午後(13:00~15:30)からは、「不妊カウンセラーの現場から」と題して講師の鎌田先生からその取り組みを拝聴しました。

現代医療は、日進月歩で常に新しい技術が生まれ、昔では諦めていたケースが不妊治療によって道が開かれることも増えています。しかし、それでも確実に上手くいく方法がないことも確かです。
鎌田先生は不妊カウンセラーとして、医師との面談時間の中で患者さんが語りきれない内容を聴き、理解しきれないことを説明する役割を担ってきました。
また、ご本人を尊重し、これが最善と思えるようになるまで寄り添い語りかけることを続けてこられました。
このように、医療面でのサポートも大事ですが、メンタル面の関わりをおこなう中で今後の治療への不安や、人に中々相談できない方々の支えが必要だと感じました。

不妊症4大原因には、①排卵因子(卵胞を毎月15日目位に大きく、はじけさせることができる力)②精子因子(精子減少、運動率低下など動きが悪く、卵管の先までたどり着けない)③授精因子(卵管の通り道が詰まっている、染色体異常など)④着床因子(子宮内膜が薄い、でこぼこしているなど)があります。
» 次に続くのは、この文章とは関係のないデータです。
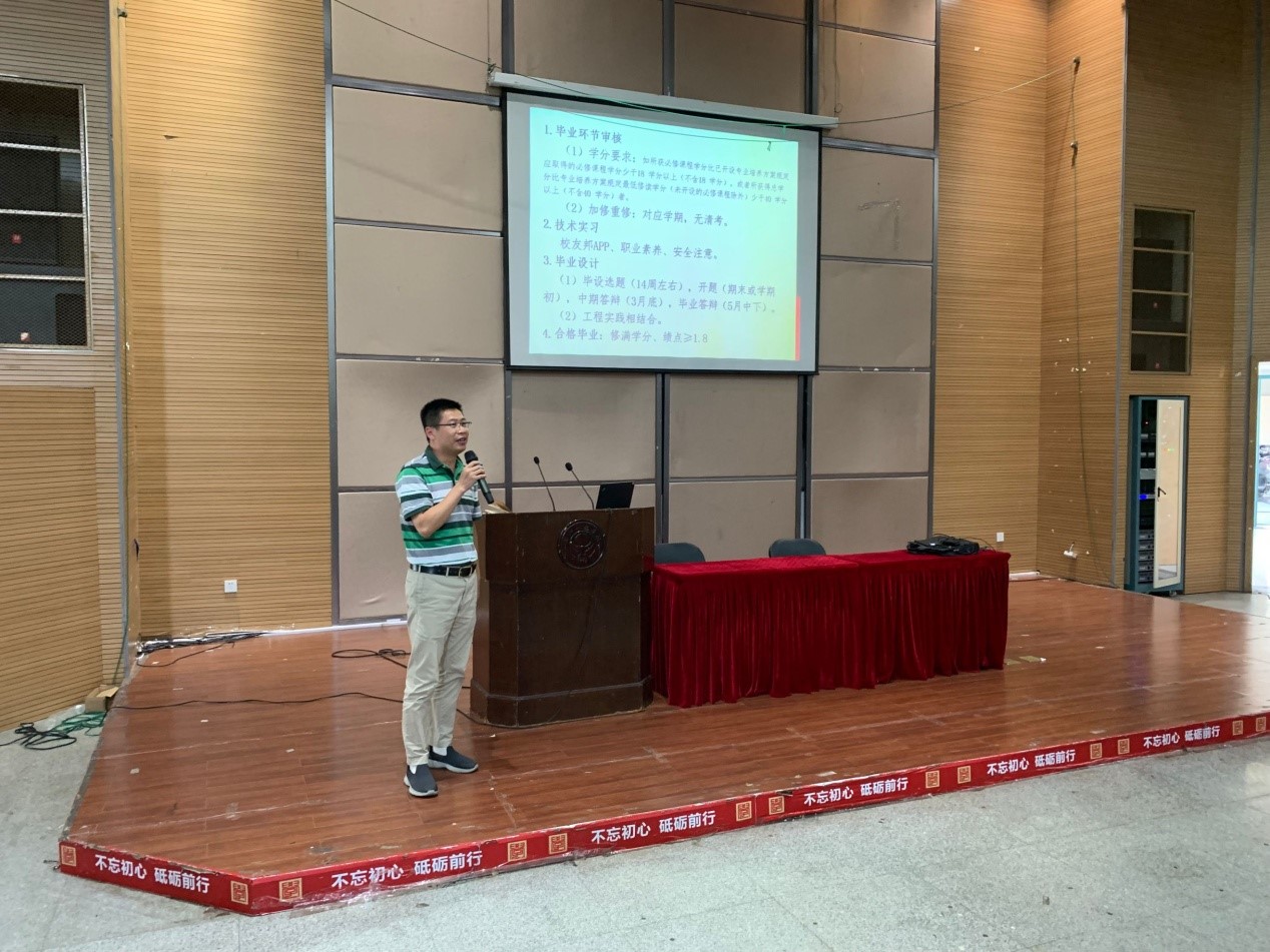马伟锋就毕业学分审核、学历学位授予、技术实习以及毕业设计答辩等进行了详细的说明,并希望同学们认真对待学业,积极关注就业,做到学业与就业两不误、相促进。单玉成就2016级毕业生的就业工作作了动员。他强调,要明确职业目标,增强就业主动,提升就业核心竞争力,同时在就业及实习实践的过程中要注意增强安全防范意识。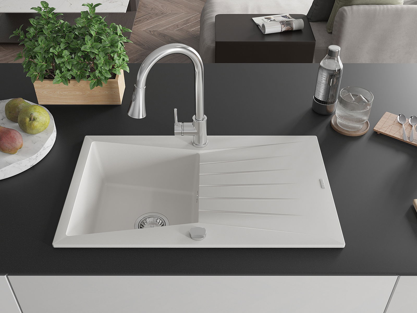 La scelta di un lavello con sgocciolatoio è una soluzione pratica che consente di riporre piatti, verdure e frutta lavati. Lo sgocciolatoio facilita la cucina quotidiana e aiuta a mantenere l'ordine in cucina.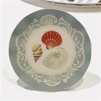 BANDEJA REDONDA ONDULADA DE METAL ESMALTADO - CONCHAS MARINAS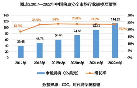 在中国,由于《网络安全法》及相关条例落地、网络安全等级保护2.0制度的实施,行业投入规模不断增加。据IDC数据,2017年,中国信息安全市场的规模为39.45亿美元,同比增长18.5%,保持了快速增长态势;预计到2022年国内市场规模有望达到114.62亿美元,2017—2022年的复合增长率将达到23.78%,未来发展势头良好。
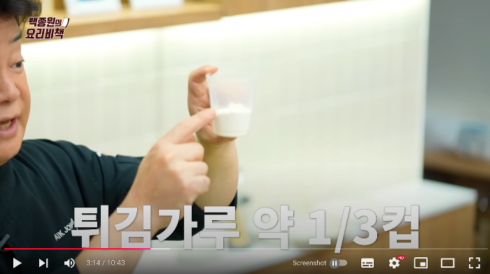 준비한 야채의 양을 보고 튀김가루 양은 조절한다.
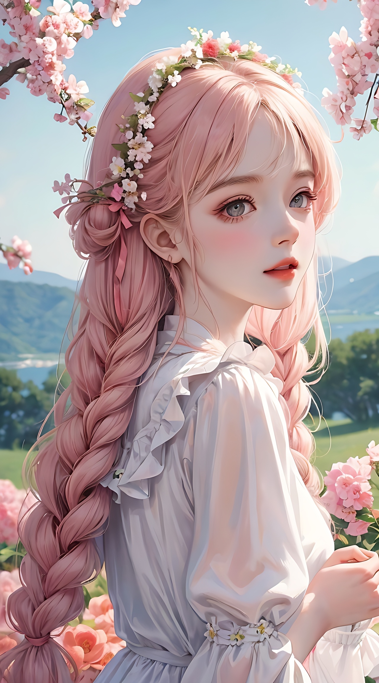 远处田野,美丽的少女开心地笑着,笑着很甜,幼嫩可爱,精致的五官,扎着两个淡黄色麻花辫,淡粉色连衣裙,盛开着淡红色的鲜花,女孩大眼睛,半身像,展示了农村的宁静,美景,梦幻,宫崎骏,8倍分辨率,景深,高清,v1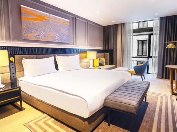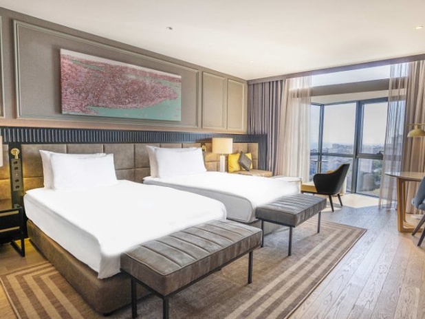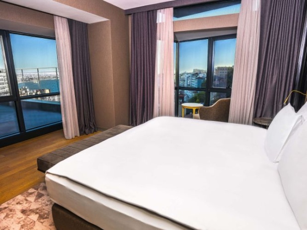 Номера расположены на верхних этажах, двуспальная кровать king-size или 2 односпальные кровати, гостиная зона с креслом, ванная комната с ванной или душем, вид на Босфор;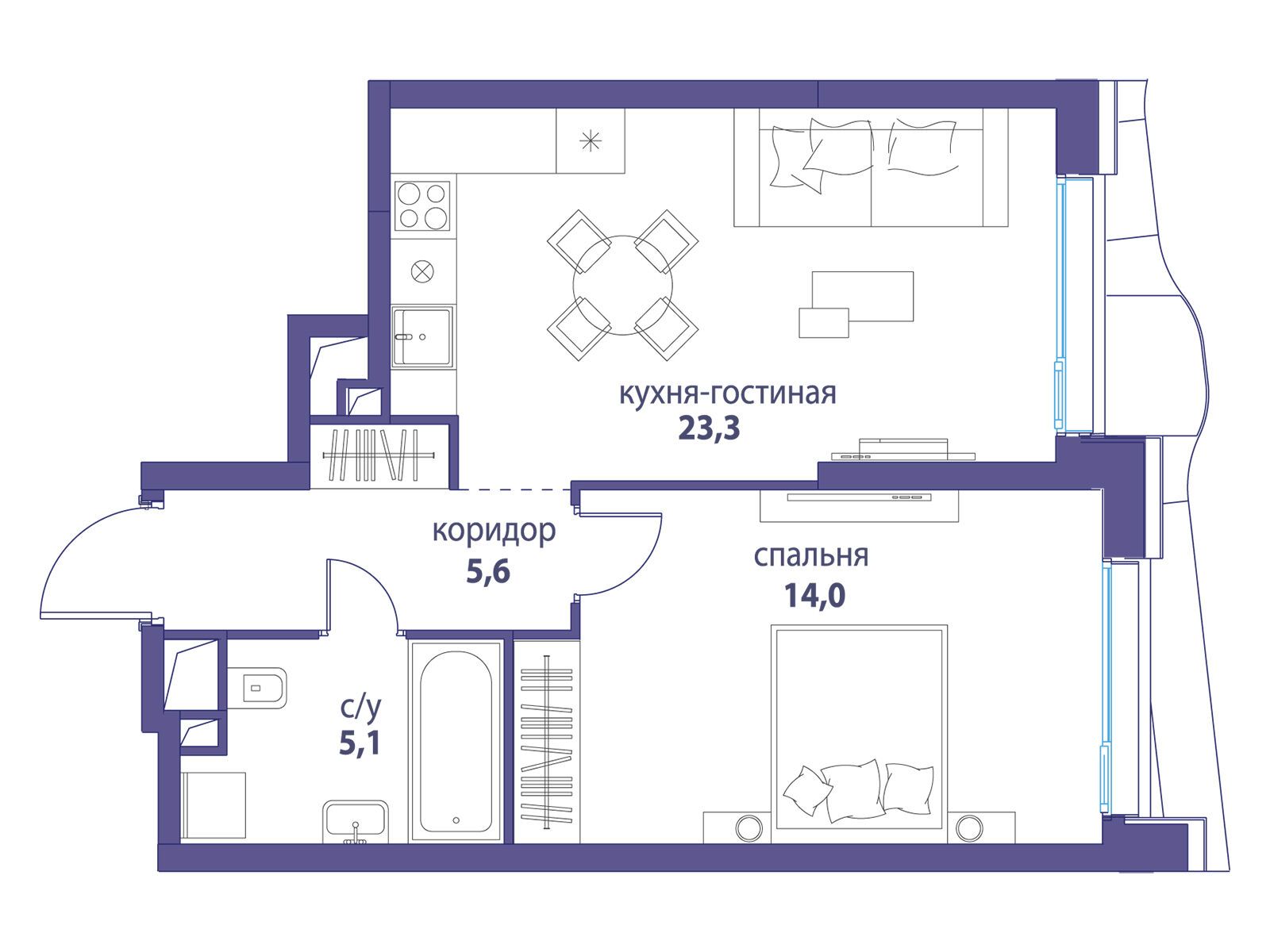 1-комнатная, 55.70 м²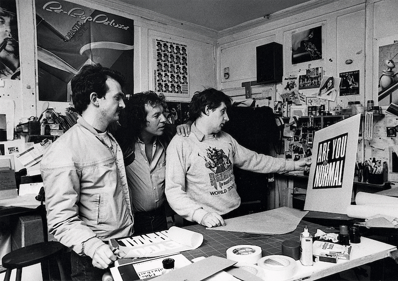 Peter Christopherson, Aubrey Powell and Storm Thorgerson work on the 1980 10cc album Look Here? Image: Hipgnosis Ltd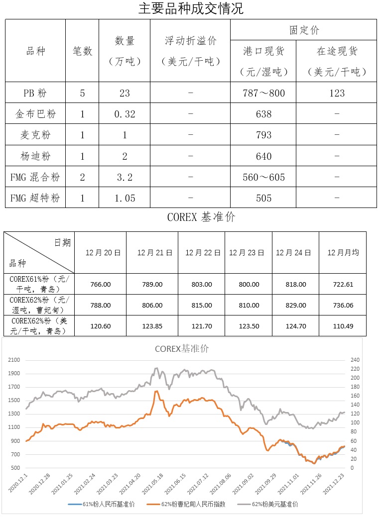 12月20日-12月24日成交20筆共43.37萬噸,其中在途1筆17萬噸,港口19筆26.37萬噸。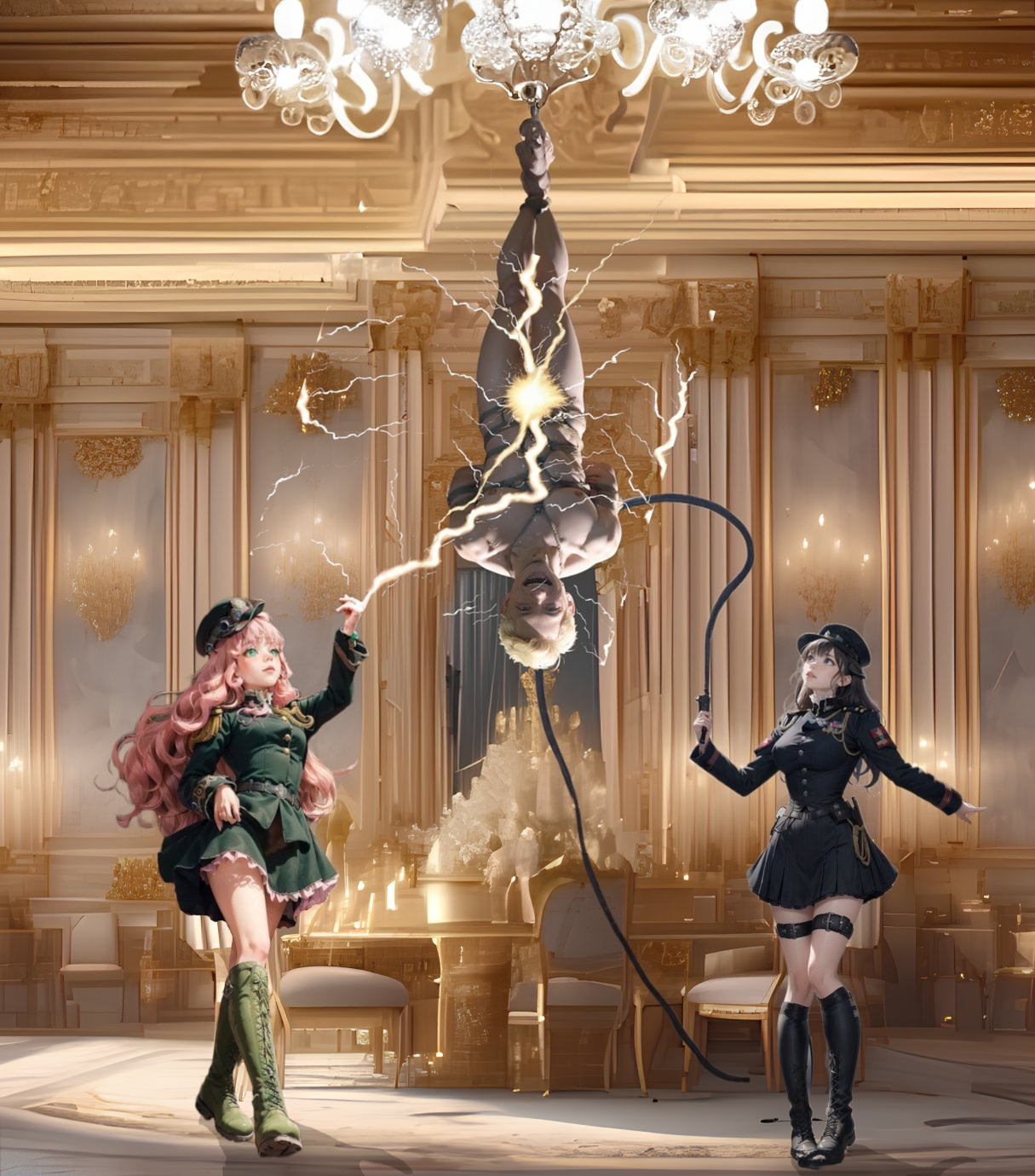 お仕置きで大広間のシャンデリアに逆さ吊りにして差し上げましたの。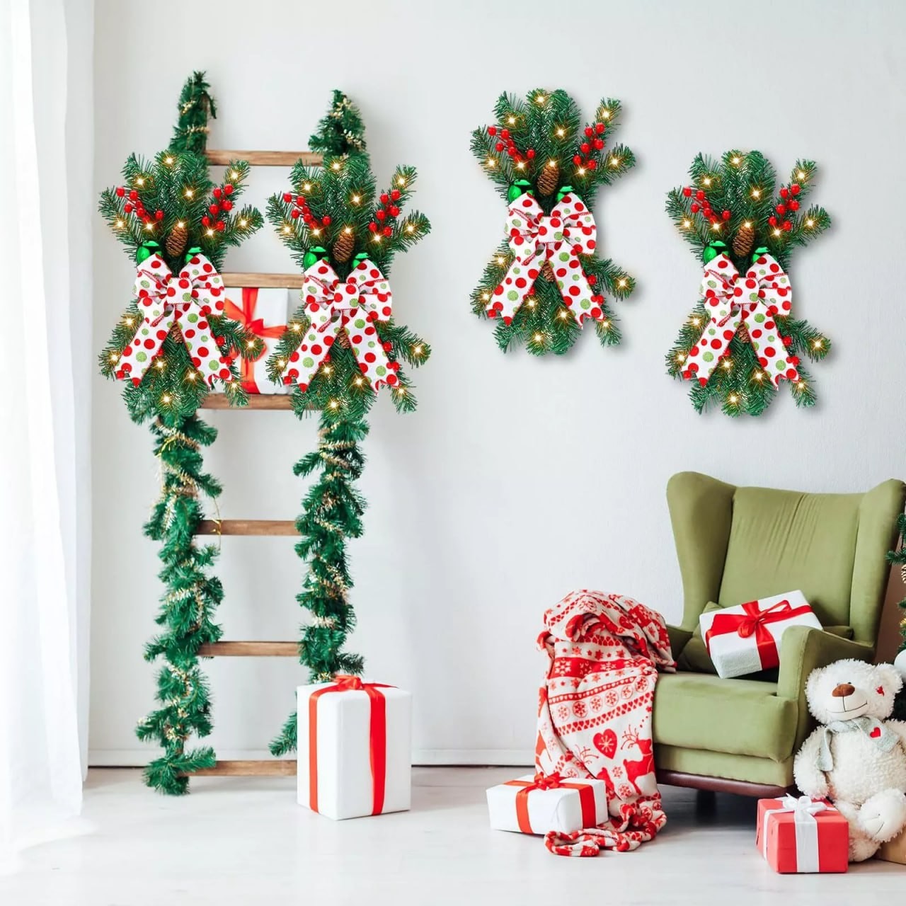 4 Pc Christmas Wreath LightUp Staircase Prelit Stairway Garland Door Wall Window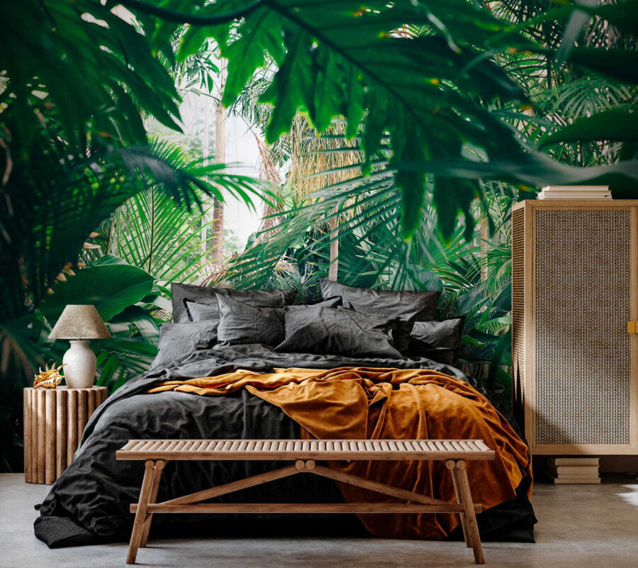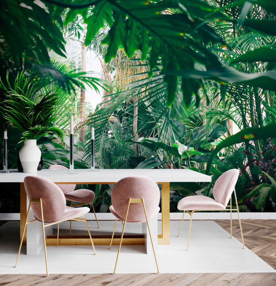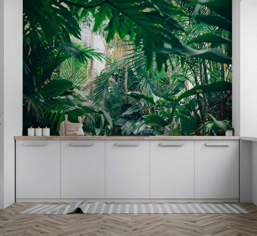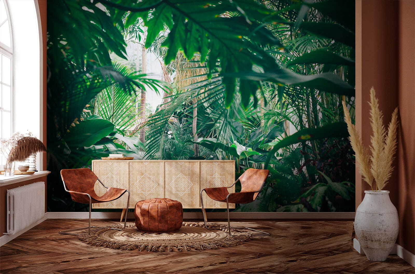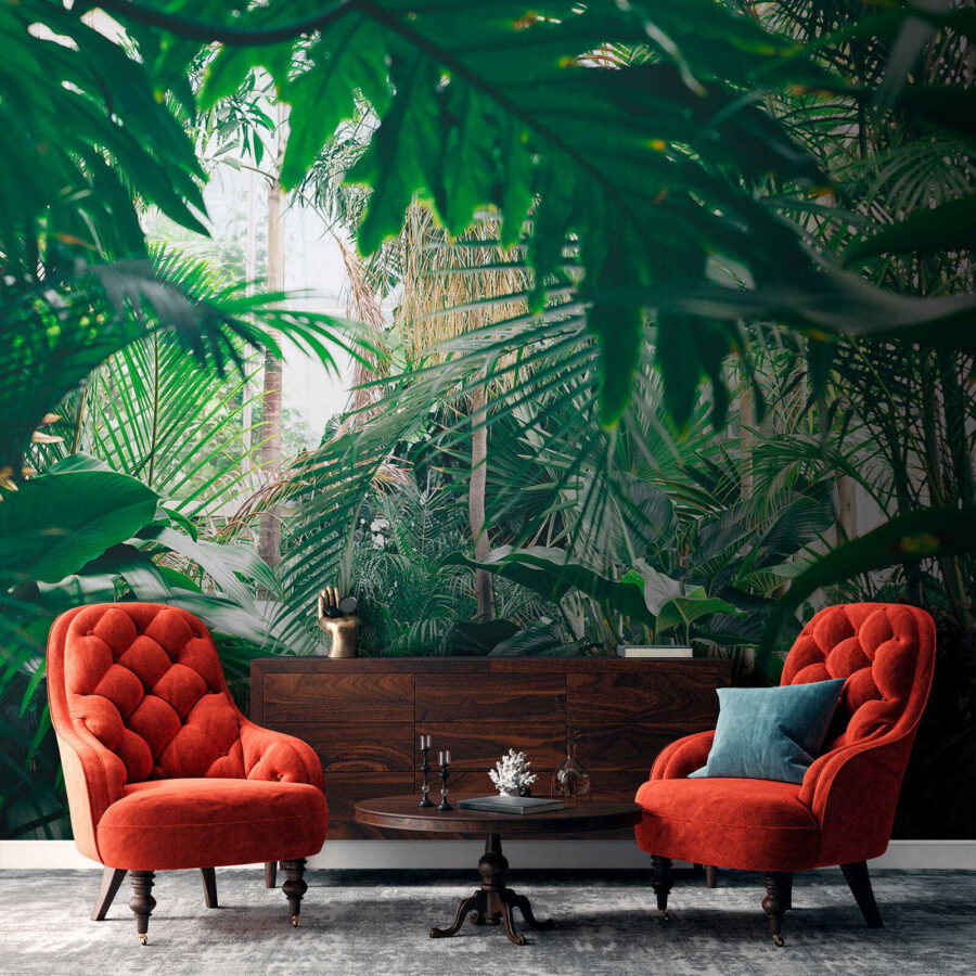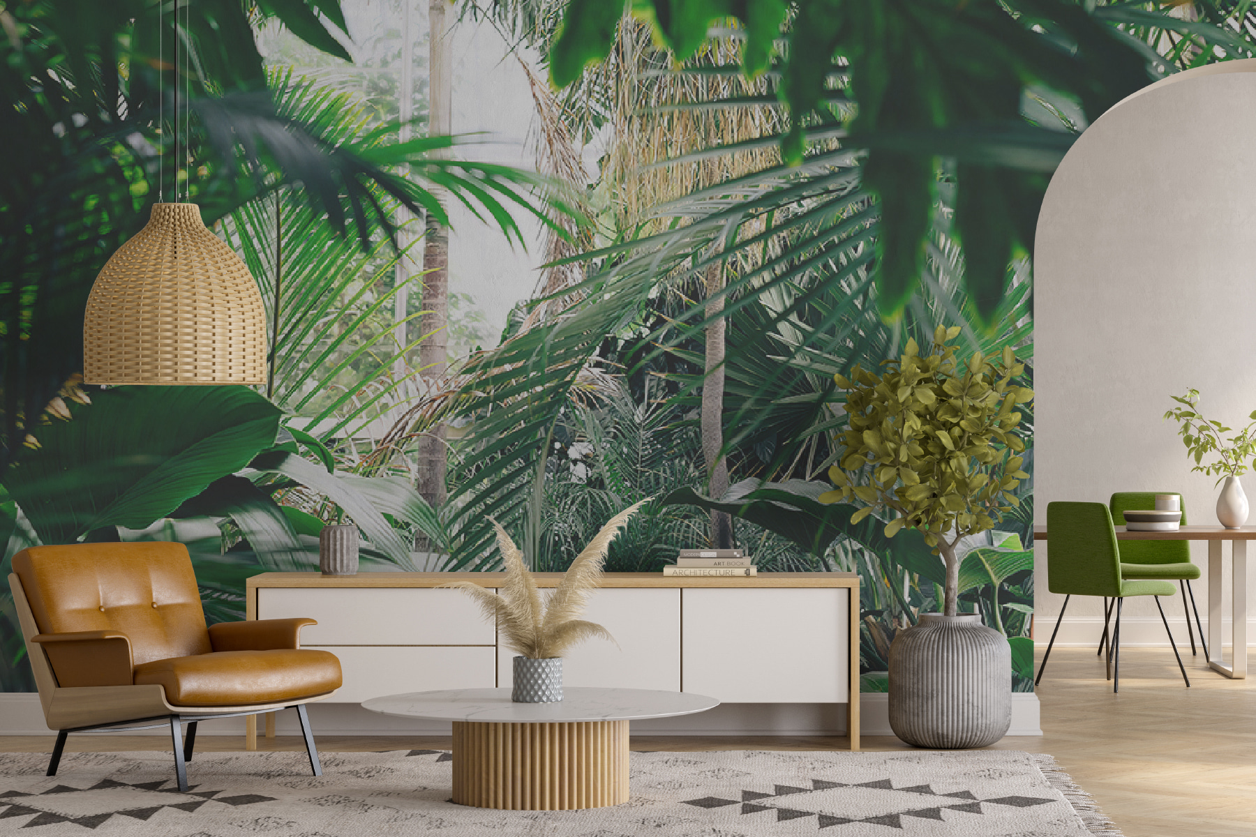 Transform your space into a serene jungle getaway with the lush jungle foliage mural. Imagine stepping into a vibrant forest, sunlight casting playful patterns on the rich greens. It’s like a mini-vacation, just without the long flight and questionable travel snacks. Whether in a cozy living room or a trendy café, this mural brings the outdoors inside—perfect for nature lovers or anyone needing a touch of calm. Feel those stress vibes melt away as you soak in the tranquil atmosphere. No need for a botanical degree, just sit back and enjoy the beauty!

この中で、東洋医学の目線で出来ることは、①血液循環の改善(不妊治療を行う2〜3ヶ月から生活改善、血液循環を良くすることが望ましい)②子宮内膜の厚みを増すとともに温める(着床維持の目的)③男性不妊(血流改善による精子の活性化、不妊治療への取っ掛かりなど)が挙げられます。

今回この講演を聞いて、東洋医学的物差しで治療に当たるとともに、最低限の西洋医学的知見を得る必要性を感じました。また、その中で先生のおっしゃる心構えや寄り添う姿勢を改めて確認しながら、日々の診療に当たりたいと思います。

以上、4月9日特別講演会のレポートを終わります。